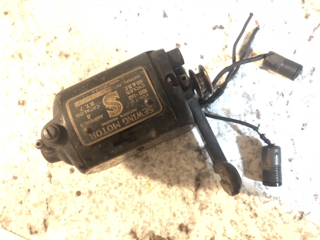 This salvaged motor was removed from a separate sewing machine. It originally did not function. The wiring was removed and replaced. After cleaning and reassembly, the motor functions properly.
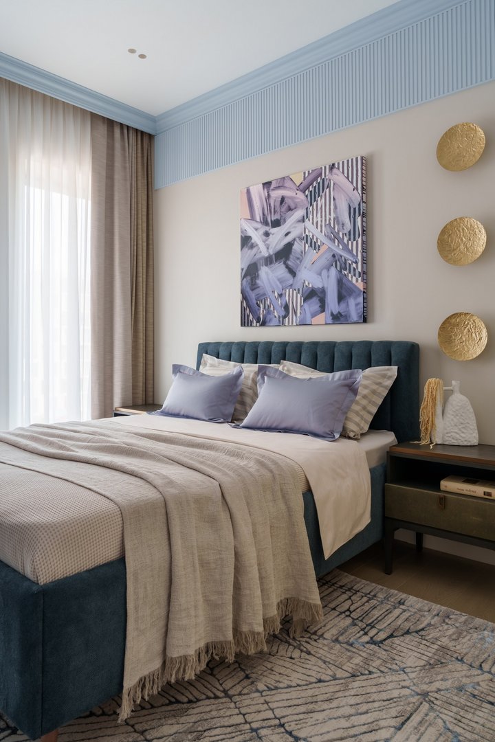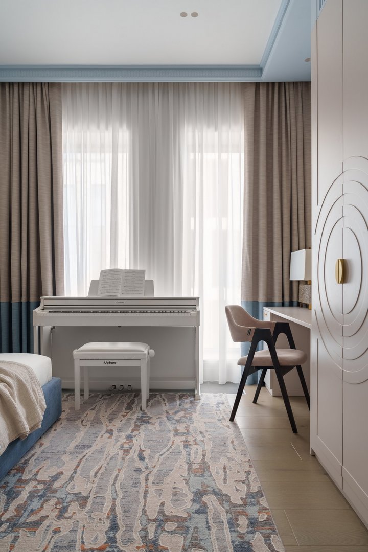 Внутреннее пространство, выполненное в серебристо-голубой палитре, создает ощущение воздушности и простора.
* * *
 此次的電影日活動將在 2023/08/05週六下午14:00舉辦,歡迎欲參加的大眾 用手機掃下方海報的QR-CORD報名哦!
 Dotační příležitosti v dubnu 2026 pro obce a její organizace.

:: Your assignment ::
In the data above, find the line that contains "此次的電影日活動將在 2023/08/05週六下午14:00舉辦,歡迎欲參加的大眾 用手機掃下方海報的QR-CORD報名哦!" and the line that contains "Dotační příležitosti v". Repeat exactly those lines and every line between them, and only those.

:: Solution ::
 此次的電影日活動將在 2023/08/05週六下午14:00舉辦,歡迎欲參加的大眾 用手機掃下方海報的QR-CORD報名哦!
 Dotační příležitosti v dubnu 2026 pro obce a její organizace.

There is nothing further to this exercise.